**Problem to solve**
From the first line of the entries below through the line holding "Lot de 10 pyjama", write out every line exactly, please, and leave out the pictures.

::::::

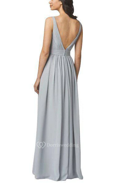 V-neck Strapped Ruched Long Bridesmaid Dress
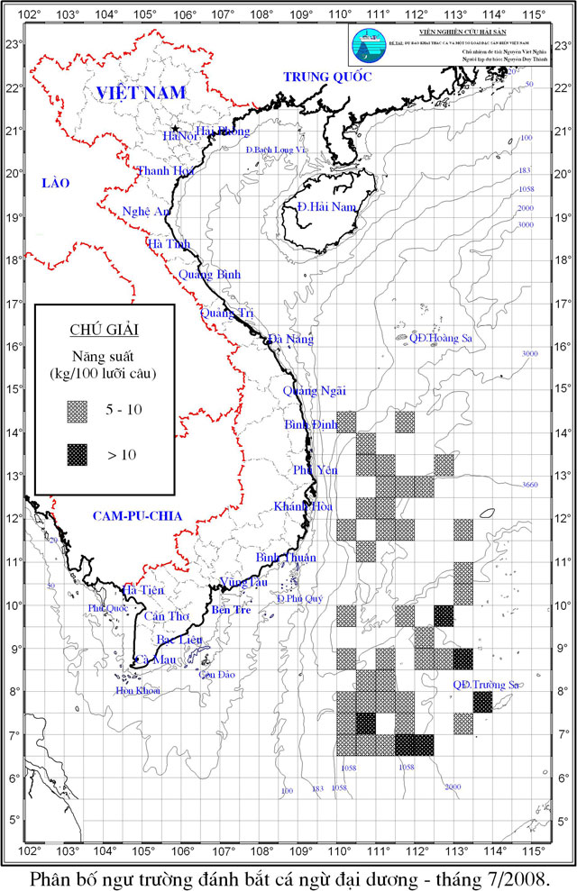 Trang nhất/ Dự báo khai thác theo nghề Câu vàng cá ngừ, Vụ Nam, 07 năm 2008 Mùa vụ: Vụ Nam (07) | Năm dự báo: 2008 | Tháng dự báo: 07/2008 Nghề: Câu cá ngừ đại dương Cơ quan dự báo:
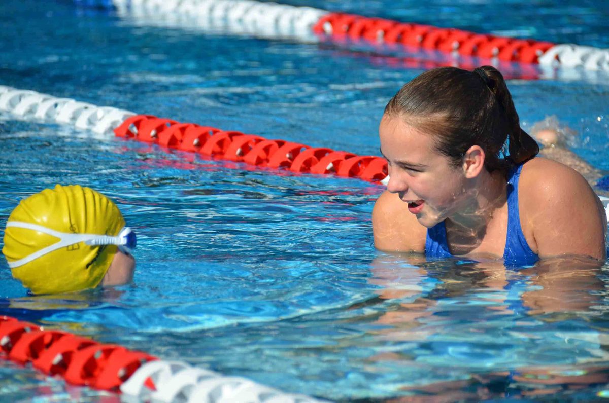 Later in the week the sun shone again as the Junior girls in Years 1-3 took to the pool with help from their ‘big sisters’ in Year 8 where needed. Smiles were aplenty as the girls put their recent lessons to use, remembering their two hand touch at the end.
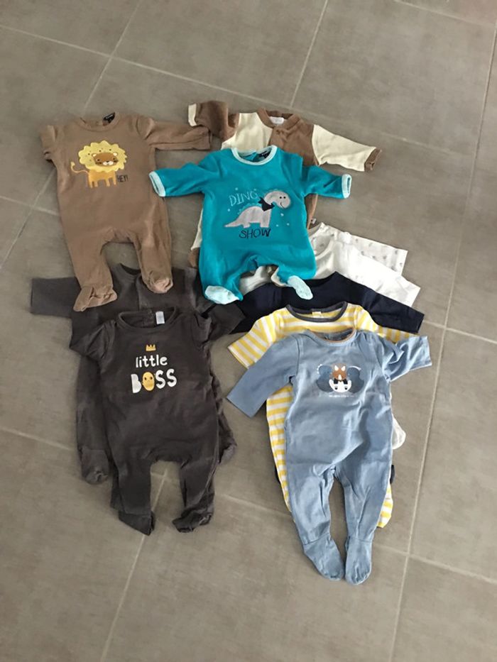 Lot de 10 pyjama Garçon de la naissance à 1mois 1/2 et 1 de 3 mois Très peu servi et très bonne état Marque 5 obaibi, 2 tex , 2 kiabi et 1 kinousse Sur le lot 2 chaud celui motif lions et de 3 mois
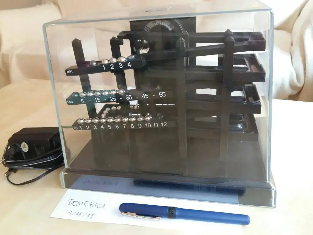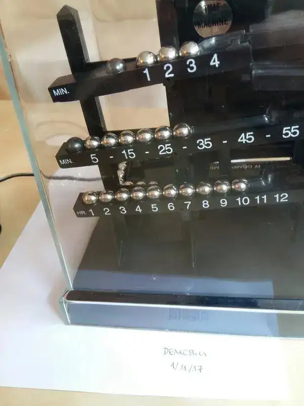 El reloj indica la hora con bolas de acero. Hay tres bandejas numeradas. La de abajo es para las horas, y las dos de arriba para los minutos. Un brazo giratorio sube una bola cada minuto desde un depósito a la vista, y la deposita en el rail superior, que la lleva hasta la bandeja de arriba calibrada para los minutos. Cada cinco bolas, la bandeja superior se desequilibra por el peso y vuelca, depositando una de sus bolas en el central, haciendo correr el resto mediante raíles hacia el depósito. Cada bola representa así 5 minutos en esta bandeja. Cada hora la bandeja intermedia pasa de los 55 minutos a los 60 minutos por una nueva bola, vuelca por gravedad, y deposita una bola en la bandeja de las horas, que marca por tanto una hora completa más. Cada 12 horas también la bandeja inferior se desequilibra. Éste es el momento más especial, pues se produce el vuelco secuencial de todas las bandejas, que mandan sus bolas al depósito con un bonito tintineo, quedando listas para recibir nuevas bolas con el paso del tiempo. Todo muy ingenioso y bonito Ved el vídeo que he subido a youtube, hecho por mí de mi reloj.

::::::

**Exercise result**
 V-neck Strapped Ruched Long Bridesmaid Dress
 Trang nhất/ Dự báo khai thác theo nghề Câu vàng cá ngừ, Vụ Nam, 07 năm 2008 Mùa vụ: Vụ Nam (07) | Năm dự báo: 2008 | Tháng dự báo: 07/2008 Nghề: Câu cá ngừ đại dương Cơ quan dự báo:
 Later in the week the sun shone again as the Junior girls in Years 1-3 took to the pool with help from their ‘big sisters’ in Year 8 where needed. Smiles were aplenty as the girls put their recent lessons to use, remembering their two hand touch at the end.
 Lot de 10 pyjama Garçon de la naissance à 1mois 1/2 et 1 de 3 mois Très peu servi et très bonne état Marque 5 obaibi, 2 tex , 2 kiabi et 1 kinousse Sur le lot 2 chaud celui motif lions et de 3 mois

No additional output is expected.